> **The task**
Both the line with "Khi quá trình" and the line with "Light all your" in the records below must appear in the output, along with every line between them, exactly and with nothing added.

(Input records Opens)

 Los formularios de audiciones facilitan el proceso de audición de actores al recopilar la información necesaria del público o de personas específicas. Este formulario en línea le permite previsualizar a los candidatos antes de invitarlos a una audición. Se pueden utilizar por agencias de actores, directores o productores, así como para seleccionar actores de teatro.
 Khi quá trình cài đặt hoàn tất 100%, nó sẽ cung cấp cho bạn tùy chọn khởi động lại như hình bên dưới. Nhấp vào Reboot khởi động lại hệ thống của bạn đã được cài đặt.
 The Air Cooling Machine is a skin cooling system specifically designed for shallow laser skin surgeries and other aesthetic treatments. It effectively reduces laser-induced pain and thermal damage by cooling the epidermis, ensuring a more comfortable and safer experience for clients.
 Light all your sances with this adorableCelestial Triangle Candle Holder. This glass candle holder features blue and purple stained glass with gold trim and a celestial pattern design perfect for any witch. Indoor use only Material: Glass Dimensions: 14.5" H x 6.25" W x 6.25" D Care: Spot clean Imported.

(Input records Closes)
(Input records Opens)

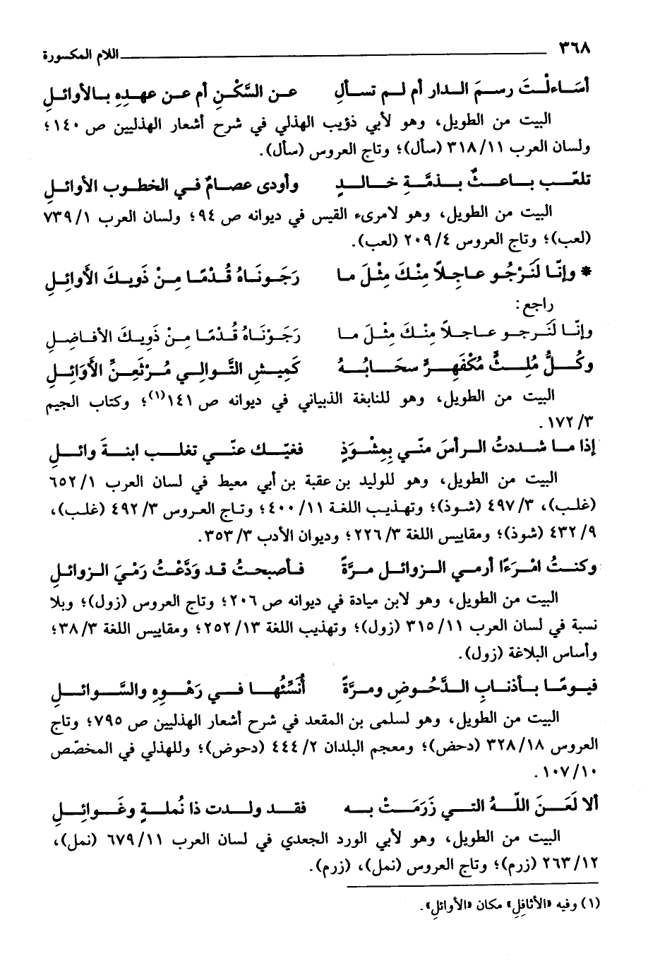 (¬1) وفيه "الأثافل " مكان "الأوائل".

(Input records Closes)
(Input records Opens)

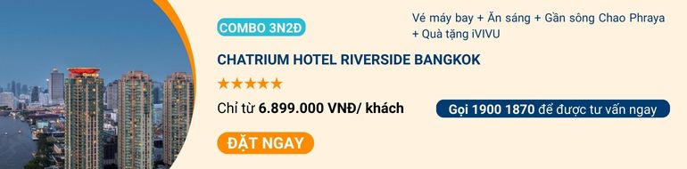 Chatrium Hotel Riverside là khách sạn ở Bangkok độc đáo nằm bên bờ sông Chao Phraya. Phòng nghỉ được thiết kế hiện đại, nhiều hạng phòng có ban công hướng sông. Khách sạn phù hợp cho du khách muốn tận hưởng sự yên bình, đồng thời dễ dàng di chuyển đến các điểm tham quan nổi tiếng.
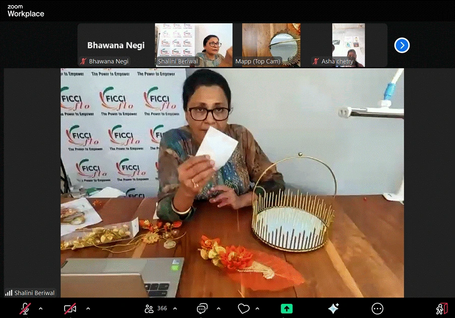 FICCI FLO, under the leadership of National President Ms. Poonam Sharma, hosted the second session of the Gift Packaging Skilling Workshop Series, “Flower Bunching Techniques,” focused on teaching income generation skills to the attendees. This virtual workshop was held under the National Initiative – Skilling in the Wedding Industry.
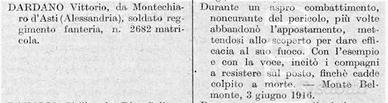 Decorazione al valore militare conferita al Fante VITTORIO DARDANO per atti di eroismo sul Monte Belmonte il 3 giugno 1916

(Input records Closes)

> **Reply**
 Khi quá trình cài đặt hoàn tất 100%, nó sẽ cung cấp cho bạn tùy chọn khởi động lại như hình bên dưới. Nhấp vào Reboot khởi động lại hệ thống của bạn đã được cài đặt.
 The Air Cooling Machine is a skin cooling system specifically designed for shallow laser skin surgeries and other aesthetic treatments. It effectively reduces laser-induced pain and thermal damage by cooling the epidermis, ensuring a more comfortable and safer experience for clients.
 Light all your sances with this adorableCelestial Triangle Candle Holder. This glass candle holder features blue and purple stained glass with gold trim and a celestial pattern design perfect for any witch. Indoor use only Material: Glass Dimensions: 14.5" H x 6.25" W x 6.25" D Care: Spot clean Imported.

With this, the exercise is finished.